Physician Assistant Student In The ER
PA alumni returned to campus to help current PA students get up to speed in the fast-paced world of the ER.
The Joint MSPAS/MPH program has taken steps to give current PA students as much of that experience as possible through some realistic simulations held at the end of November that were designed to help students understand the chaos inherent in the emergency department.
PA alumni with emergency medicine experience have joined the simulations as preceptors to ensure the simulations are as realistic as possible. Fellow alum and current program director Joy Moverley knows the students can handle the medicine aspect of the simulations. Her focus was primarily in exposing the students to the stress and pace of those scenarios and the need to be able to handle more than one patient at a time.
"I always say that waiting tables is probably the best preparation you can have for [emergency medicine],” Moverley said. “You have to be able to manage several things at once and constantly change how you prioritize your attention."
Students were in the Sim Lab, a realistic ER setting with a mannequin patient that can talk to the students and interacts with their treatment choices. Other groups were assigned to three different patients to manage, each portrayed by an actual person with a pre-set series of conditions and histories, and each with differing levels of triage urgency.
In the midst of managing those situations, a fourth unannounced patient showed up and students were required to adapt accordingly.
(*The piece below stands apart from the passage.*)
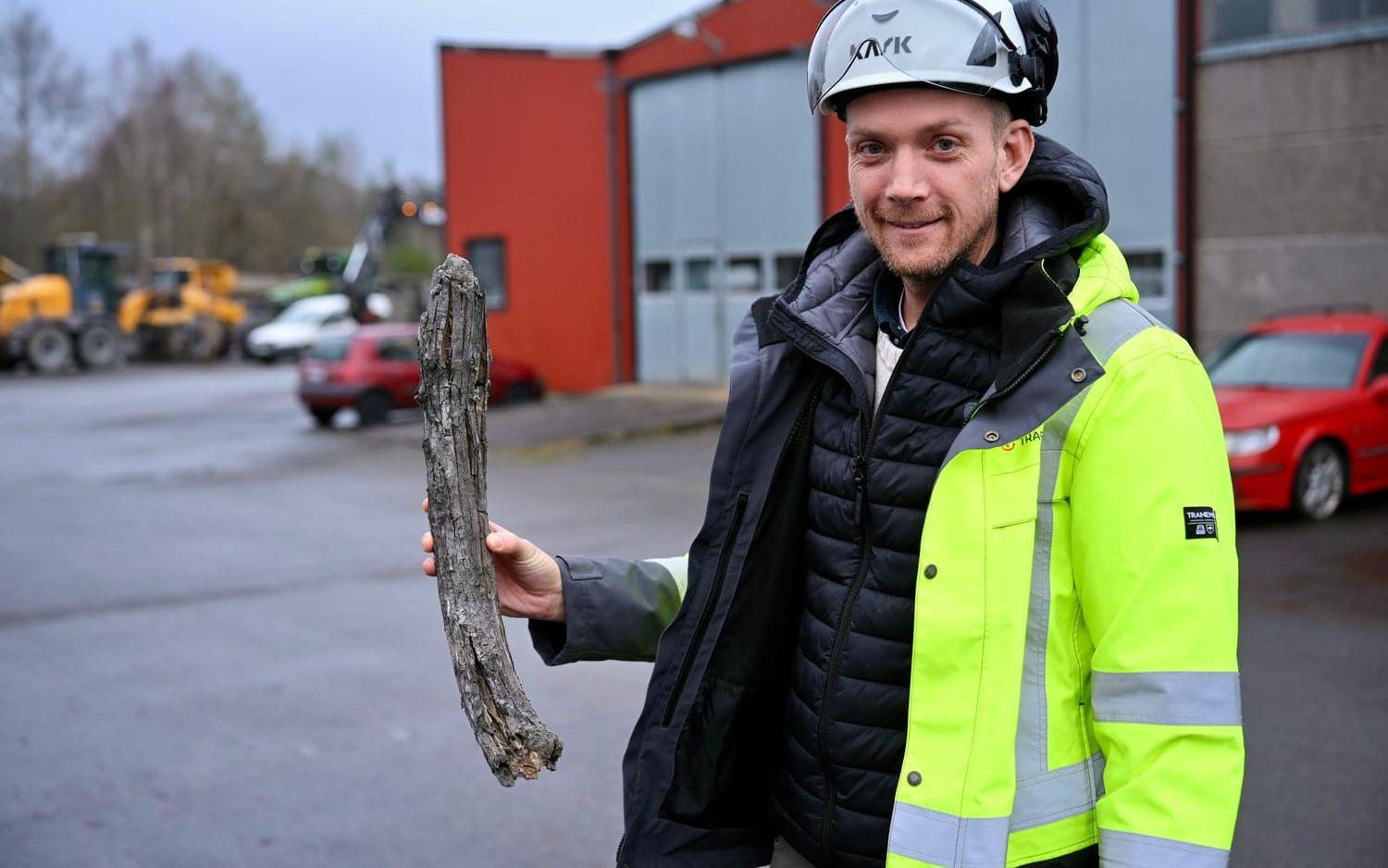 Det ingår i jobbet att ha kontakt med länsstyrelsen när det görs fynd som skulle kunna vara fornfynd. Jonas Edelberg reagerade själv över hur väl bevarad träbiten var.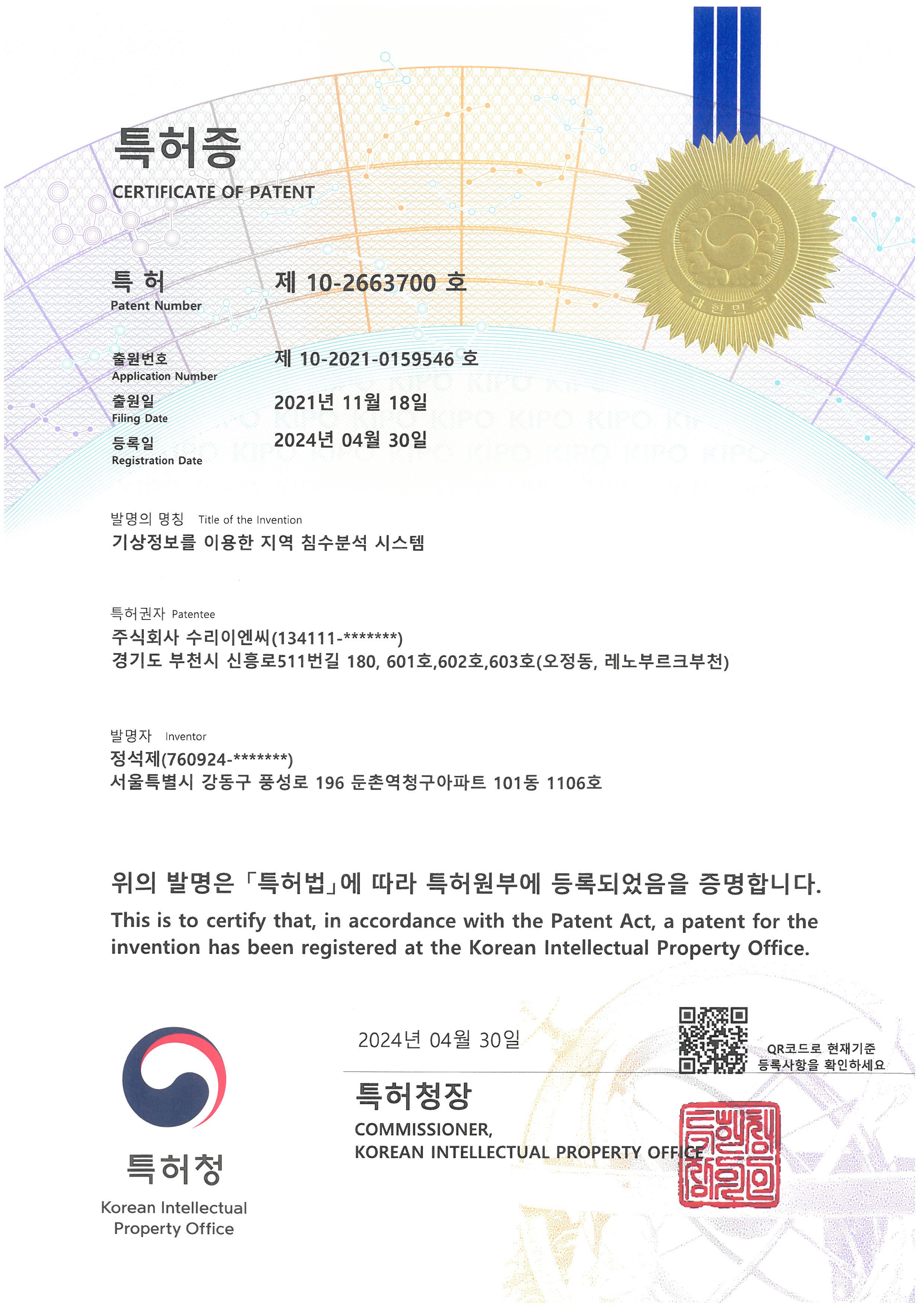 10-2716863 고정밀 항공라이다를 활용한 농경지 침수분석시스템

Most of the students had little to no experience in emergency medicine prior to the simulation training, so most found the experience very helpful.
“I really enjoyed the experience,” said student-PA Ovanes Abramyan. “It’s nice to take what we’ve been reading about and apply it. Even though it’s a simulation, it still feels very real,” he said.
His fellow student-PAs agreed.
“It’s chaotic in there,” said Gerardo Amador. “There are a lot of steps to check off when you’re trying to save someone’s life.”
And in an emergency situation, medical providers don’t have the time to sift through their notes from class.
“You don’t have time to think back to that PowerPoint you saw,” said Naomi Han. “To do it hands-on really helps you remember those steps in a stressful situation.”
Special emphasis was placed in these scenarios on the stress. “They do a very good job of actually simulating how stressful the situation will be,” said Lauren Fitzgerald.
PA alumnus Lisa Thomas, who works in emergency medicine, helped serve as a preceptor for the simulations and could really relate to everything these students experienced.
“I had no experience in the emergency department prior to working there – not even as a patient,” Thomas said. “It was extremely intimidating the first time I stepped in there.”
While the PA program is generally focused on primary care, work in the emergency department is not too far away from that core, Thomas said.
The work Moverley and the PA program are putting in is paying off, Thomas added.
“I work with students from different programs and the Touro students are always really well-prepared,” Thomas said.
“Our curriculum is primary care focused, which is the mission of our program,” Moverley said. “They’re (students) used to seeing one patient at a time, so this is a very different experience for them. My hope is that this makes the students feel less anxious about this environment.